Children from families with incomes at or below 130% of the poverty level (currently $20,280 for a family of four) are eligible for free meals. Those between 130% and 185% of the poverty level (currently $28,860 for a family of four) are eligible for reduced-price meals. Children from families over 185% of the poverty level pay a full price, though their meals are subsidized to some extent.
Public schools or nonprofit private schools of high school grade or under, and residential child care institutions are eligible to participate in the program. Participating schools and institutions must serve breakfasts that meet Federal nutritional standards, and must provide free and reduced-price breakfasts to eligible children.

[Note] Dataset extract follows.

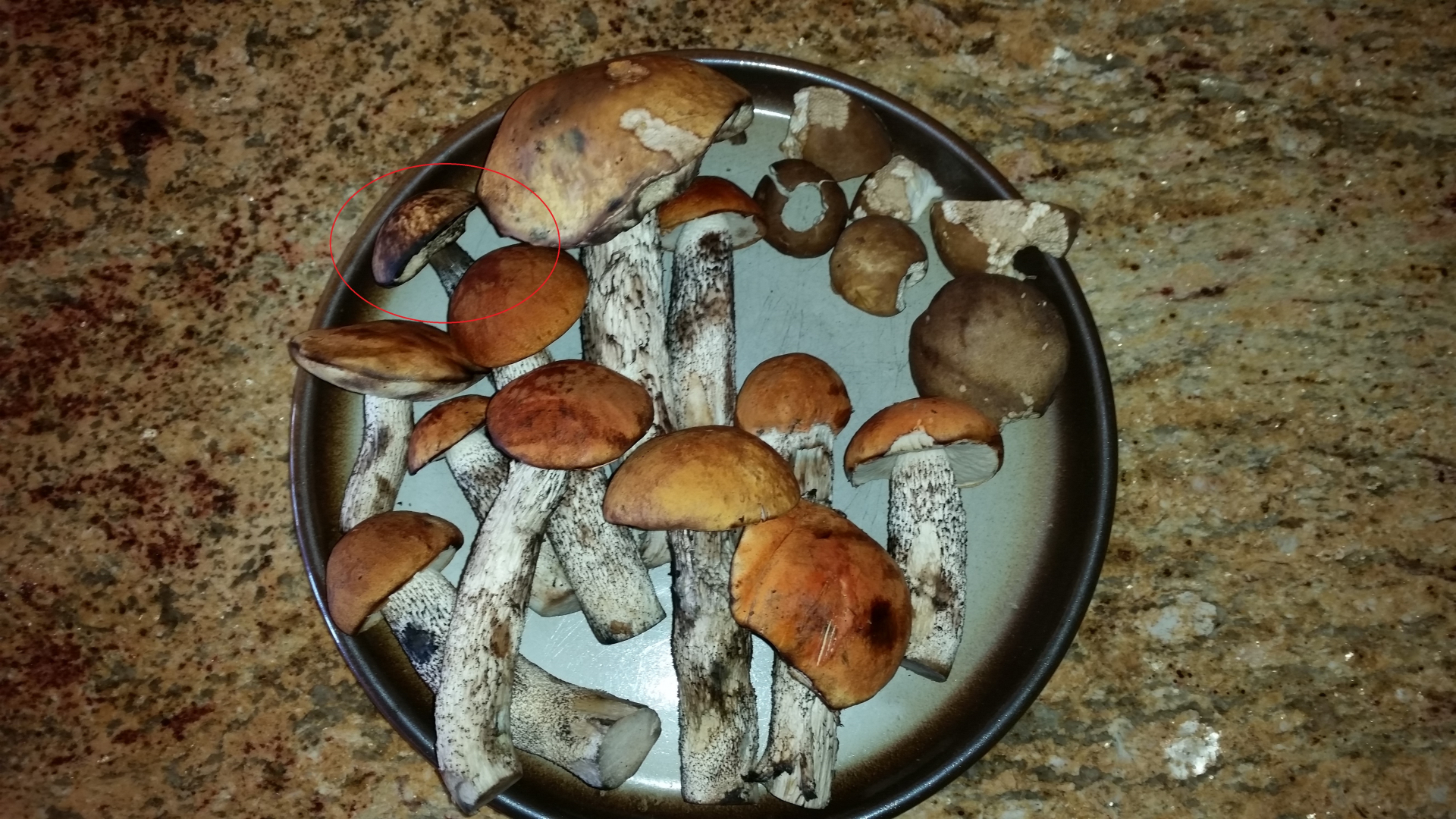 Heute wieder eine kleine Sammelrunde gestartet und verschiedene Rotkappen und ein paar Kiefernsteinpilze gefunden.
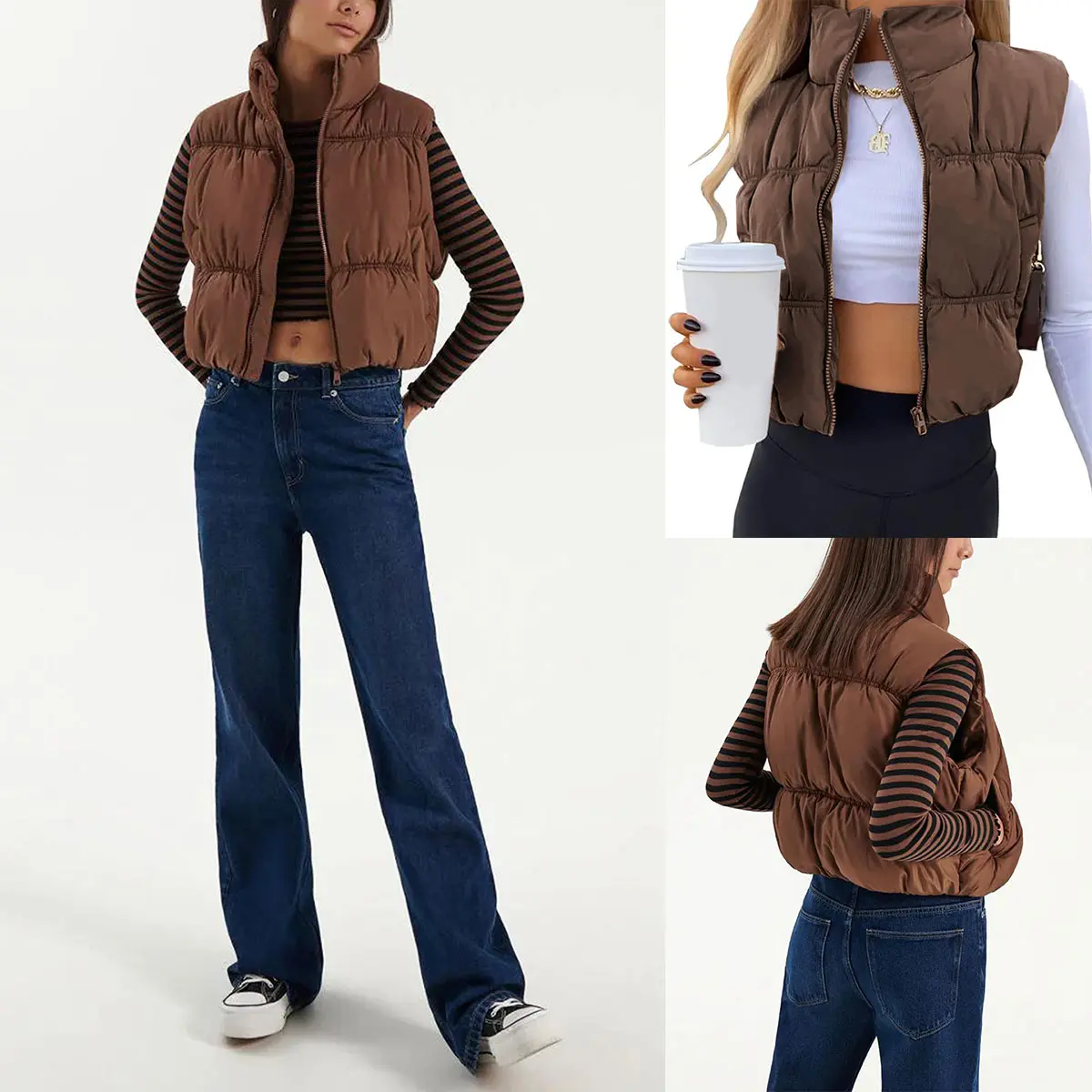 This stylish cropped puffer vest is designed with high-quality materials to keep you cozy and warm. The outer shell is made from 100% nylon, known for its durability and water-resistant properties, while the lining is 100% polyester, offering a soft feel against the skin. The combination of these fabrics ensures a lightweight yet effective insulation layer, making it the perfect choice for chilly fall and winter days.

Financing and Administration
The School Breakfast Program is administered by the State education agencies and local school food authorities at the local level. At the Federal level, it is administered by USDA's Food and Consumer Service. For FY 1997, Congress appropriated $1.198 billion for the School Breakfast program.
Housing Assistance
The U.S. Department of Housing and Urban Development (HUD) gives grants to Public Housing Agencies (PHAs, including Indian Housing Authorities (IHAs)) to finance the capital cost of the construction, rehabilitation, or acquisition of public housing developed by PHAs to provide decent shelter for low-income residents at rents they can afford. The first low-rent public housing projects in the United States were constructed as the result of the vast public works program set in motion in 1933 by the National Industrial Recovery Act. The Housing Act of 1937 marked the earliest of the Federal housing programs designed to meet the direct concerns for the well-being of individuals. The housing acts of 1949 and 1954 created the massive urban renewal programs of the 1950's, and Section 8 programs provided hundreds of thousands of new public housing units for the poor.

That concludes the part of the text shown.